She looked confused. "Yeah...but there's still a line."

Assuming she hadn't heard, I leaned in real close, and shouted "There's a pipe broken and the building is going to flood."

She turned to a meaty guy behind her. "Will someone tell this guy there's a line?"

Turns out 14 Plympton St. was in less danger than I thought. But I wondered, what is it about the Harvard party scene that brings out the primal spirit in people? Is it that we don't have frat houses with big trenches to fill with beer? Is it that, in drunkenness, the neat divisions we draw in the day time blur and confuse us? I'm not sure. It reminds me of a scene I once saw on television: A man feigned injury on a New York City street. He laid there hours and none of the thousands of passers-by stopped to even ask what was the matter.

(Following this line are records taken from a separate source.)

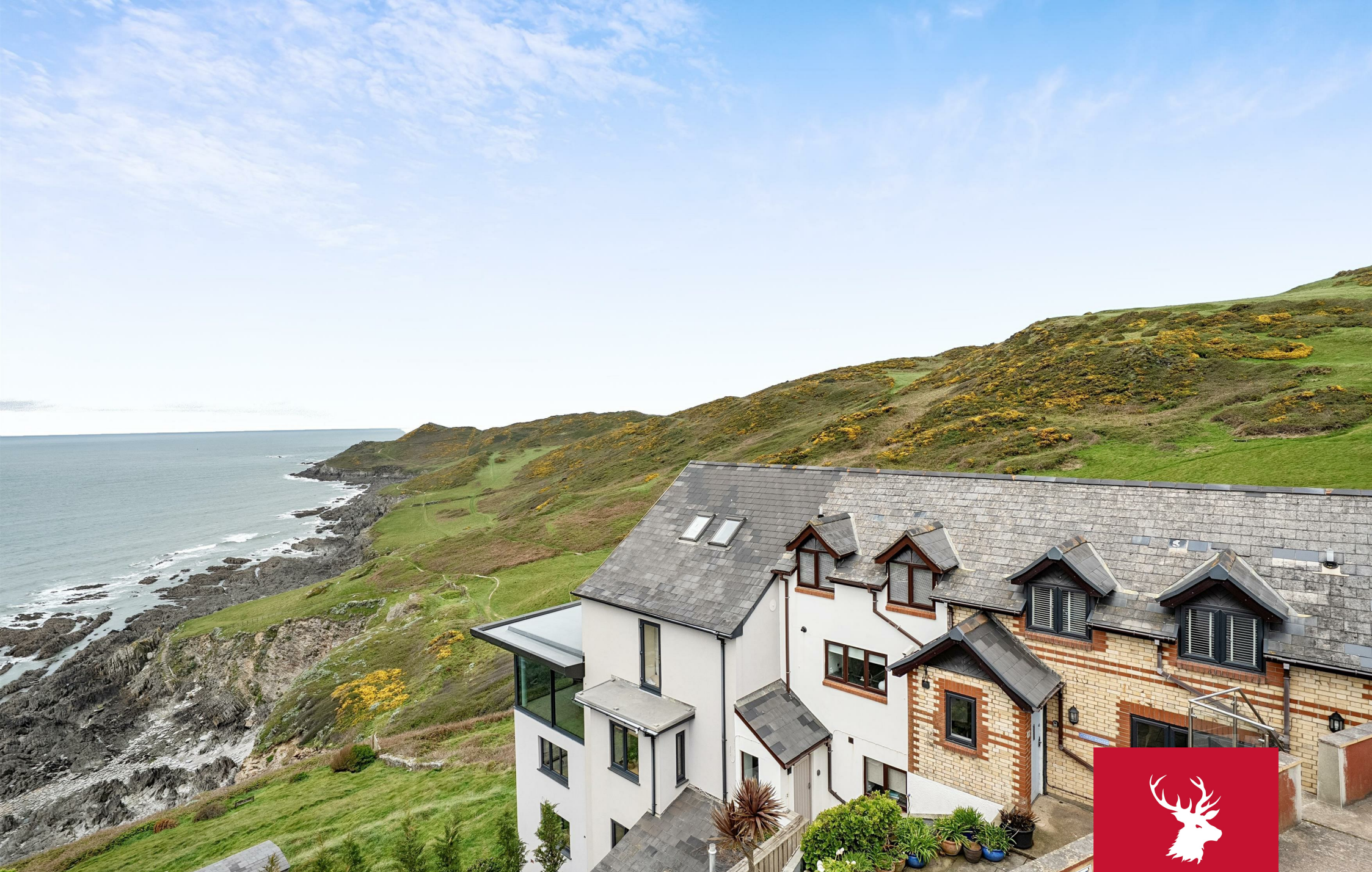
1 Coast House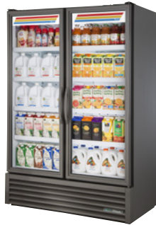
Optional Gray Exterior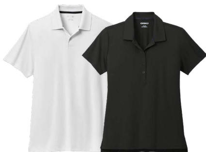
OGIO® REGAIN POLOS 5-ounce, 88/12 recycled poly/recycled spandex OG170 | XS-4XL | 9 colors LOG170 | Women's XS-4XL | 8 colors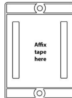
Figure 3: Mounting with double-sided tape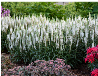
MAGIC SHOW® 'White Wands' Veronica Low, wide, well-branched. Does not need to be trimmed for continuous bloom. ⬆️ 14-16" • ⬅️ 16-20" • Zones: 4-8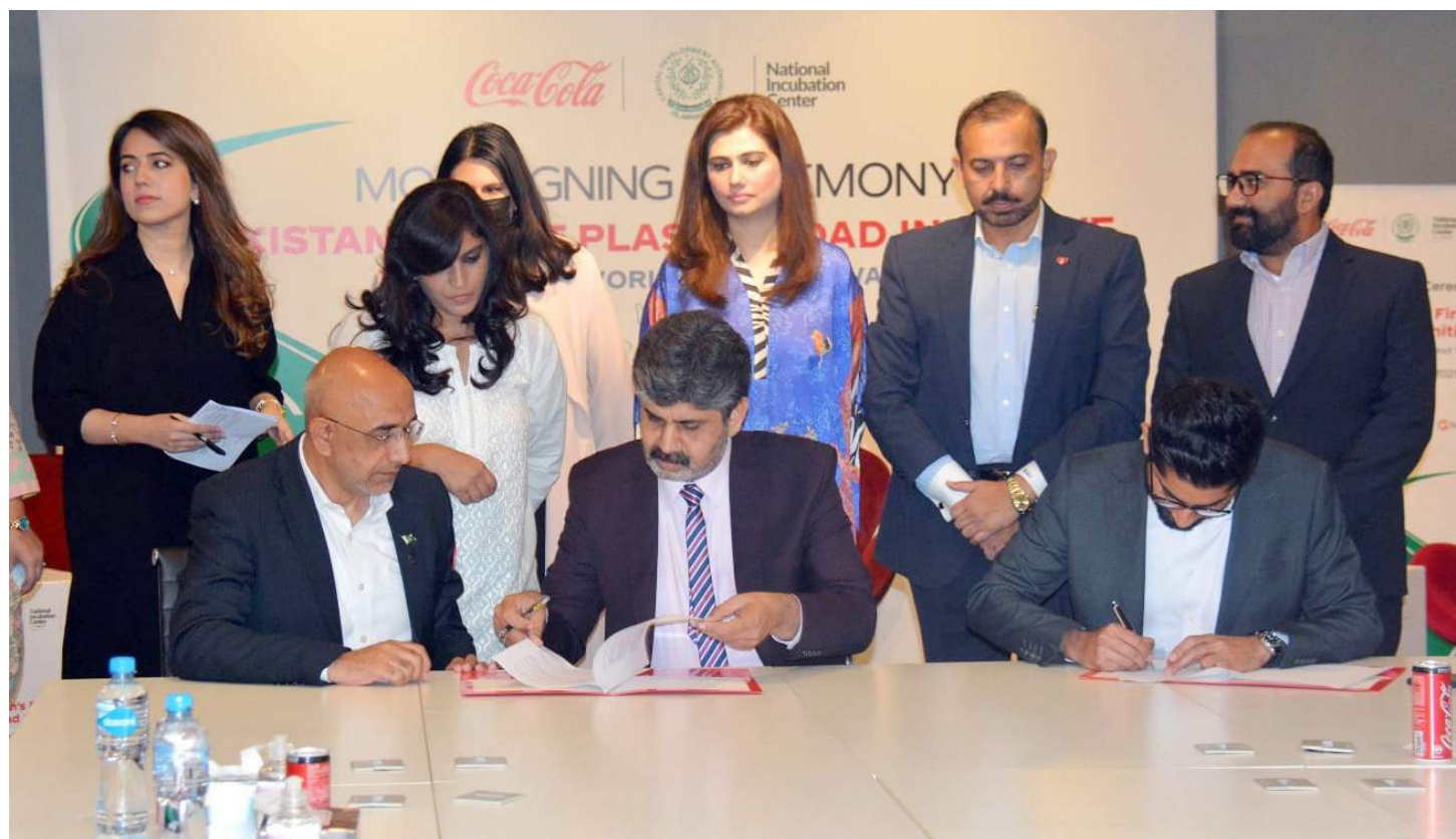
ISLAMABAD: Coca-Cola Pakistan and Afghanistan, Capital Development Authority, Team Up / National Incubation Center (NIC) sign MoU to introduce the concept of re-carpeting national roads with plastic waste.

that is all a policy adviser can do for a country. Policy making have to be indigenous, encompassing all stakeholders - policy makers, scientists, politicians, and private sector. She said, private sector is a major player in innovation sector. We all know that innovation works in a cohesive and coherent system, and all STI policies are intertwined. All the players in innovation system work like an orchestra. The innovation system only works when all elements work together. This two-day training delivered by national and international experts and more than 50 experts/policy makers from different institutions of OIC member states participated in this training course online.

Although I doubt that long lines for a bathroom in any crowded dance party would be congenial, the "I don't care if the building is going to collapse, I've got to go" attitude still surprised me. After three years at Harvard, and countless epiphanies about how things aren't as they seem, I learned that lesson once again.

Things are older here, more complicated, faster-paced. But none of that makes much differences on a Saturday night. The freaks come out, the stereotypes dissolve and Harvard students act like the folks from Animal House, just like any college kid would.